It turns me off in this sense. It is bad terminology. Unfortunate use of words. But we work with them because of their heritage in our tradition.

Why unfortunate? Because of what you said: False self is not bad.

I prefer to use: early on our journey and later on our journey, thus and such happens. [This is not to deny that many unduly put off the journey to such things as transformation and even adulthood.] The early stages of formation and transformation are good. So are the later. And nothing that takes place on our early journey is abandoned. The false self represents our socialization, moving from little animals to humans. It represents our humanization. And our humanization and divinization are inextricably intertwined, not really distinguishable really. The more fully human we become, the more we reflect the Divine Image, the imago Dei. So, we don't abandon the false self.
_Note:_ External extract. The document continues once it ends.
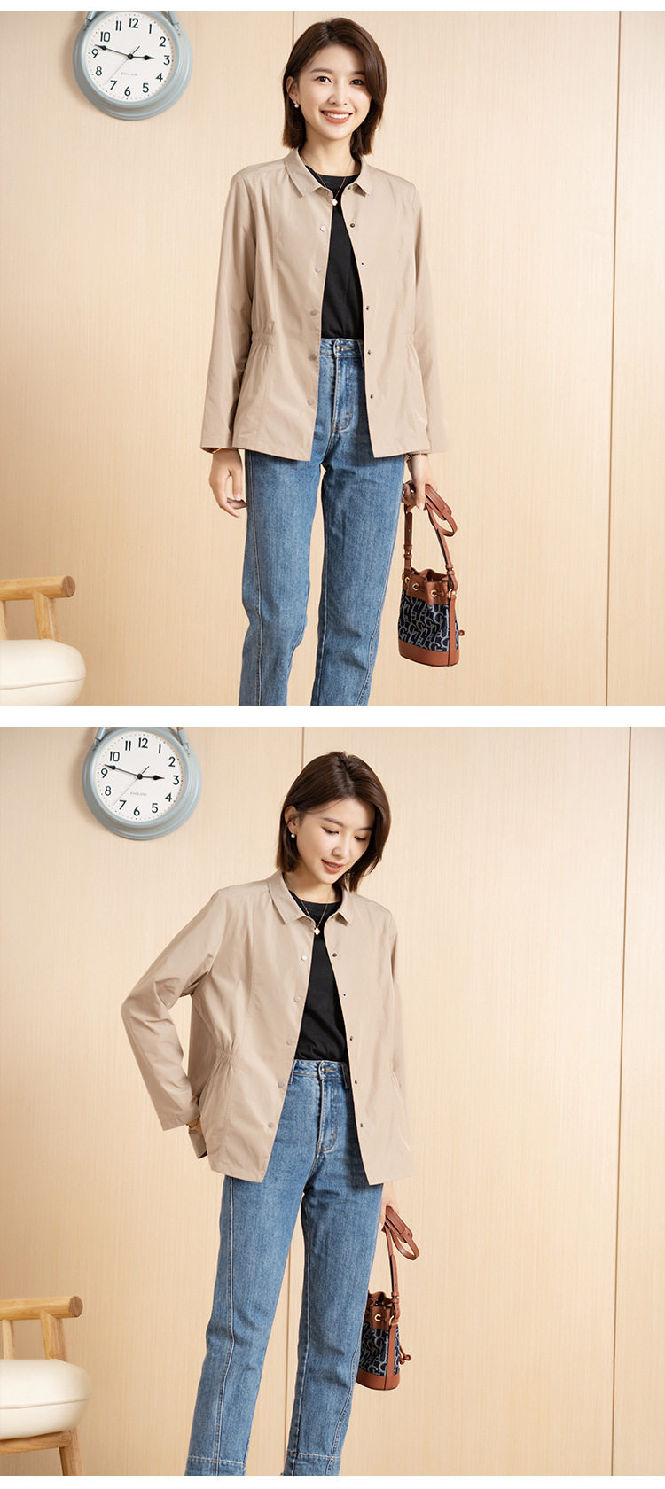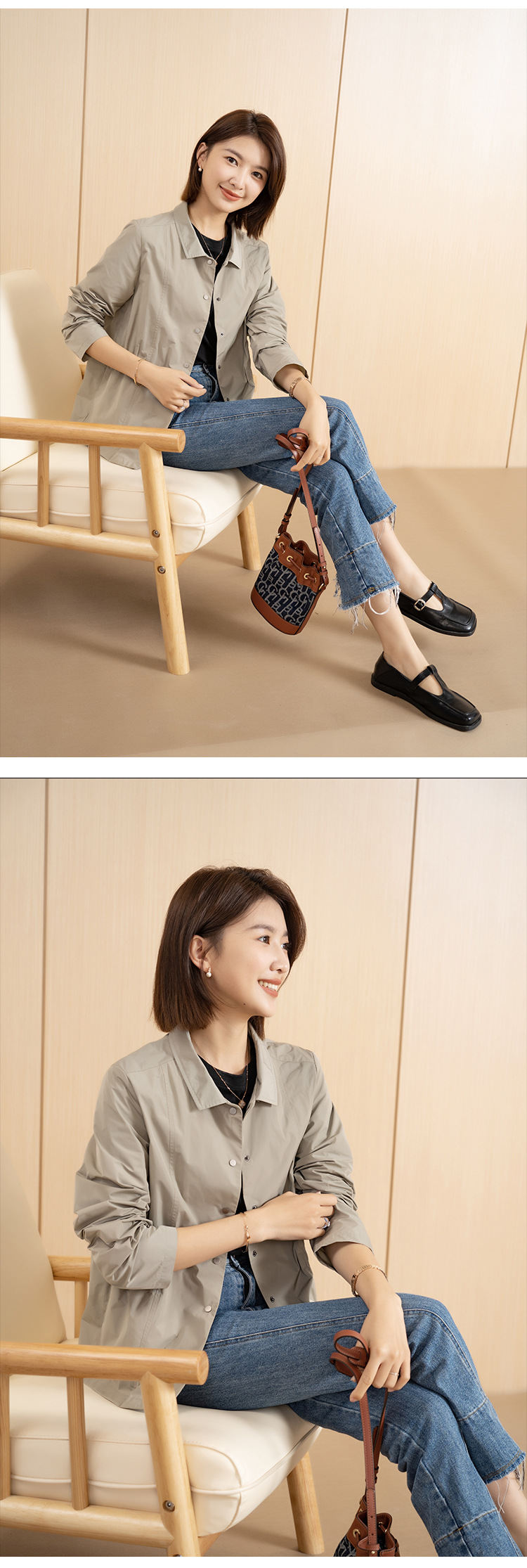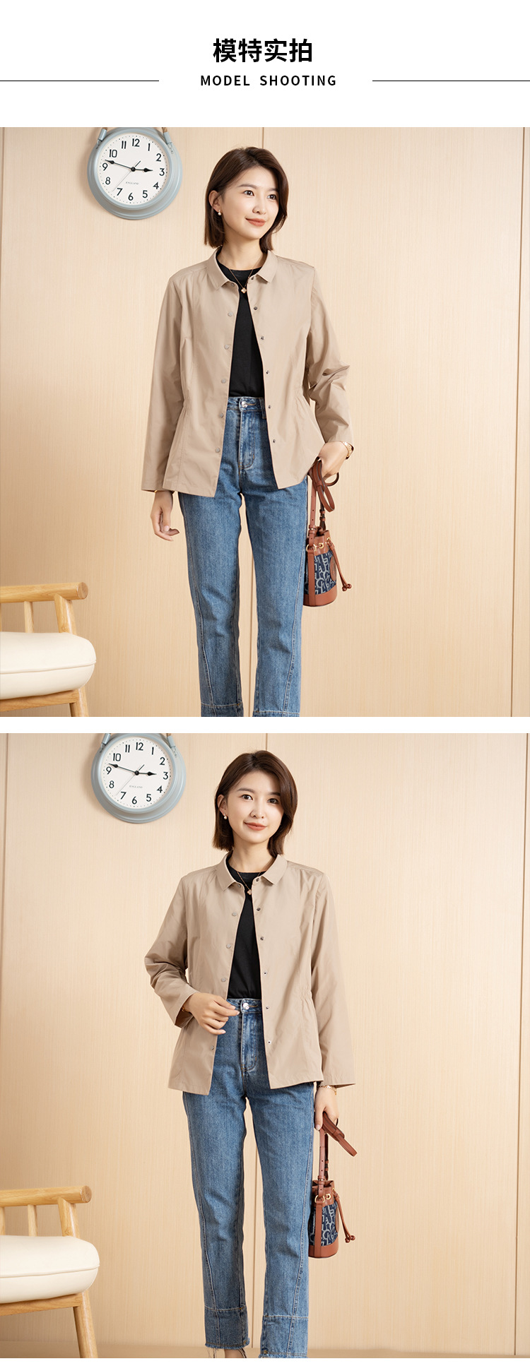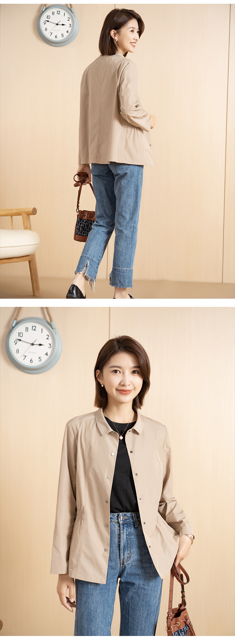 YUN윤의 우아한 봄 신상 여성용 긴팔 라펠 셔츠 카키색 숏탑 코트 (키 작은 분들을 위한)스토어 가기

Not at all. Rather, we take full possession of it in order to surrender it to crucifixion. [And one cannot surrender what one does not form and possess.] We give it up in order to be radically saved (from sin and death); it is no mere pious gesture. Thus the seed falls to the ground and dies ... Thus every other metaphor for the Paschal Mystery ...

This is my False Self.
I give it up for you.

We awaken to the True Self when, like Ignatius, we see ourselves as God sees us. We awaken to our True Self when we realize that being socialized and a good citizen and a good person and more perfect ain't what it's about entirely; rather, its about being a Lover and being beloved and about being saved from sin and death by Jesus. It is a VERY big deal, the biggest thing anyone's got going. It is THE grail for which we quest and is wholly, wholly holy and holy, holy whole.